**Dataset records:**
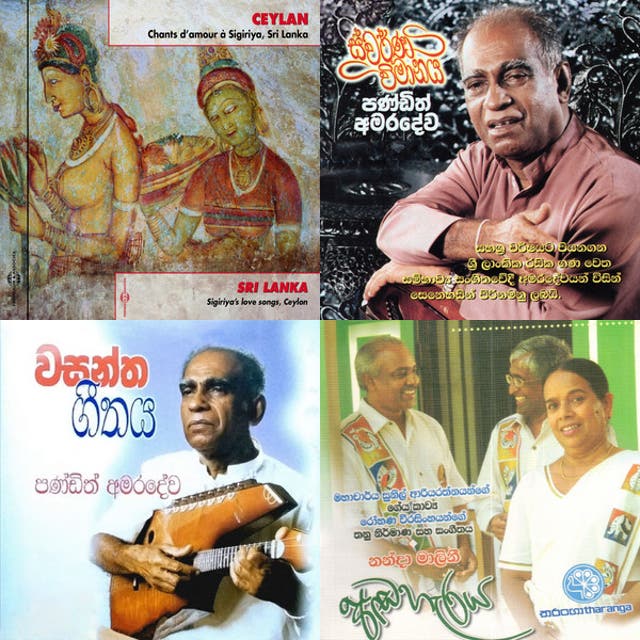 In the mid–20th century, collectors, educators, and composers documented rural repertoires and adapted them for radio and concert use. Figures such as W. B. Makuloluwa and Lionel Ranwala gathered village songs, while Sunil Santha, W. D. Amaradeva, and Ananda Samarakoon wove folk modalities and Sinhala prosody into art- and light-classical songs, shaping a modern folk-inspired song culture. New Year raban songs, work chants, and virindu poetry found renewed visibility via radio and state ensembles.
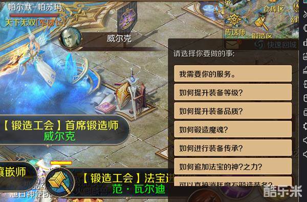 如图所示,想要进行装备养成,你首先要找到锻造工会这几位大师。一般来说,强化装备的部分都集中在首席锻造师身上。在他这里,你可以提高装备等级,提高装备品质,以及提高装备追加数。他旁边的融合镶嵌师则可以帮助你将宝石镶嵌到装备的孔洞里。
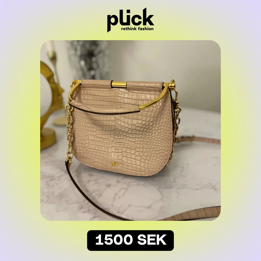 Snygg rosa handväska med krokodilpräglat mönster och gulddetaljer. Väskan har en elegant kedjerem och en stilren design som passar perfekt för både vardag och fest. Den är liten och smidig, perfekt för att bära med sig det viktigaste. En riktig stilhöjare!
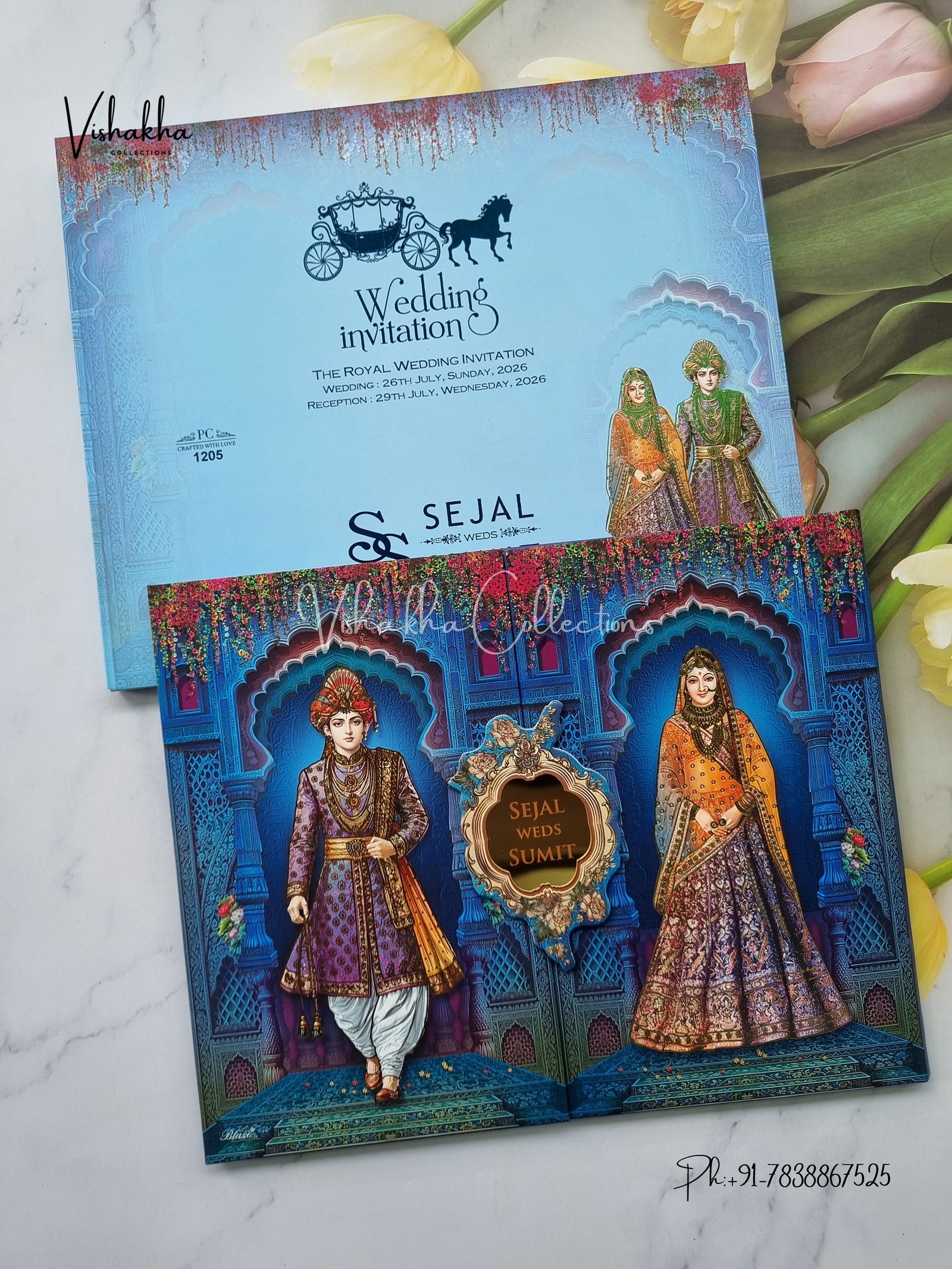 Vishakha Collections presents you beautiful luxury wedding invitation cards with all latest designs and the latest variety. Its just not a wedding invitation card but a beautiful feeling of love and relationship it carries for you. Beautifully printed and packed with a bundle of love. if you like it, dont think again, just go for it.If you are worrying about the quality of the product, send your doubts to us. We are here to help you. If you want in wholesale or bulk, dont forget to contact us.
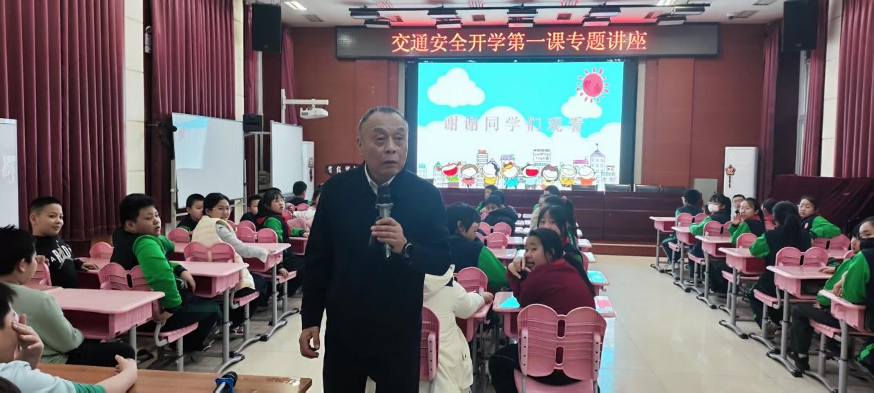 (图为丰台区老科协关工委邀请柳实教授为首经贸附属小学上交通安全课)
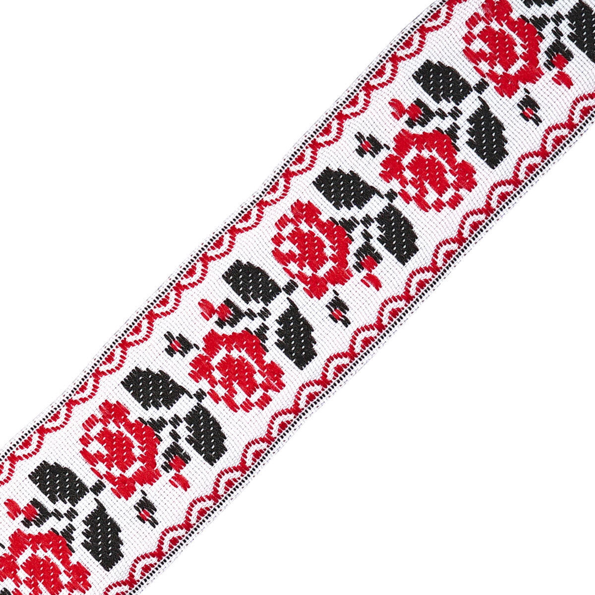 Лента (тесьма) жаккардовая 25.0 мм / 20±1 метров, белый/красный, 8А207
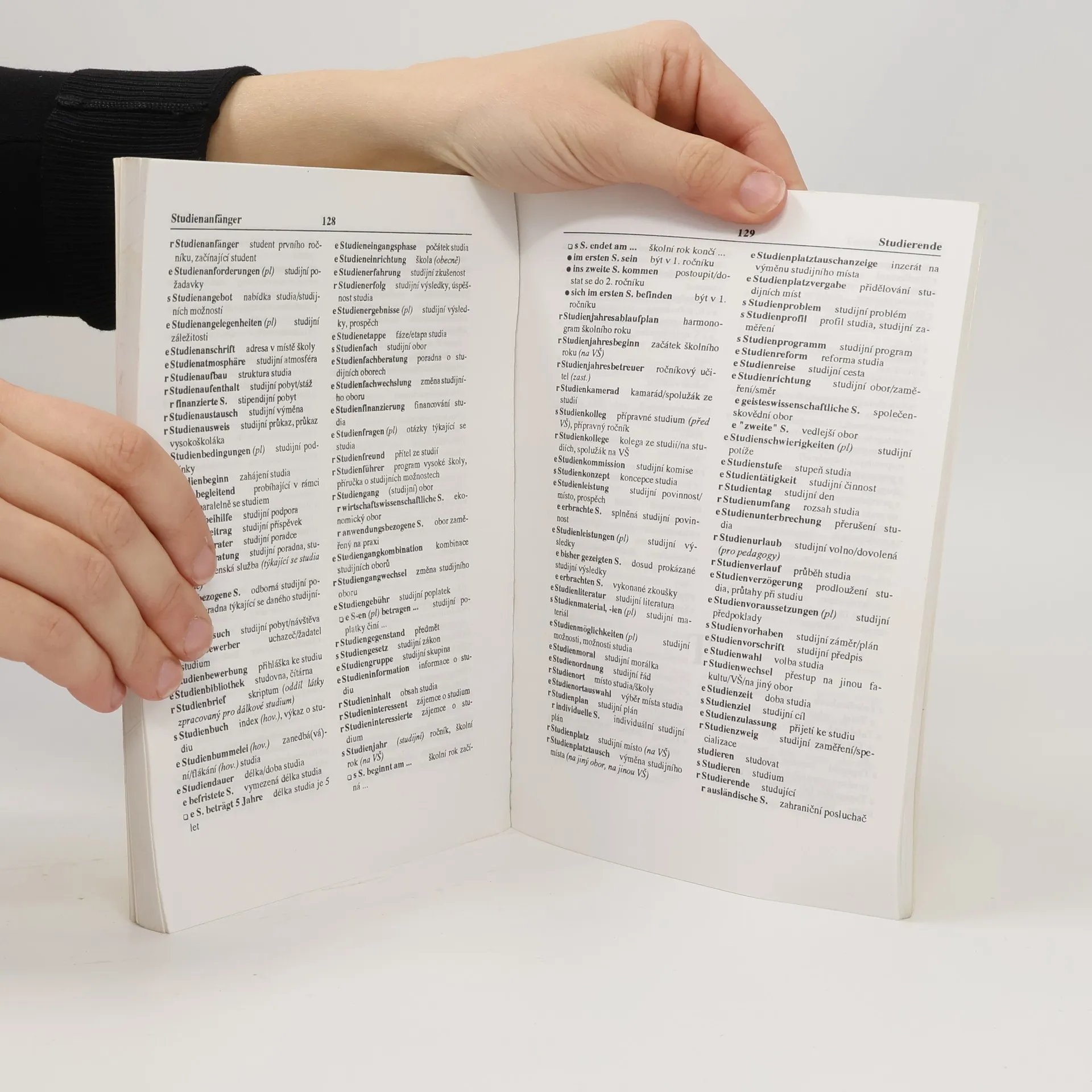 Plný název: Česko-německý a německo-český slovník pro studium a praxi doma i v zahraničí s dodatky : vzory životopisů, cizojazyčné formuláře, nejužívanější zkratky, seznam univerzit (Německo, Rakousko, Švýcarsko), důležité adresy.

**WORK ITEM:** Could you set down, exactly as written, every line from the start of the records above through the line containing "如图所示,想要进行装备养成,你首先要找到", leaving the pictures out?

**RESPONSE BELOW:**
 In the mid–20th century, collectors, educators, and composers documented rural repertoires and adapted them for radio and concert use. Figures such as W. B. Makuloluwa and Lionel Ranwala gathered village songs, while Sunil Santha, W. D. Amaradeva, and Ananda Samarakoon wove folk modalities and Sinhala prosody into art- and light-classical songs, shaping a modern folk-inspired song culture. New Year raban songs, work chants, and virindu poetry found renewed visibility via radio and state ensembles.
 如图所示,想要进行装备养成,你首先要找到锻造工会这几位大师。一般来说,强化装备的部分都集中在首席锻造师身上。在他这里,你可以提高装备等级,提高装备品质,以及提高装备追加数。他旁边的融合镶嵌师则可以帮助你将宝石镶嵌到装备的孔洞里。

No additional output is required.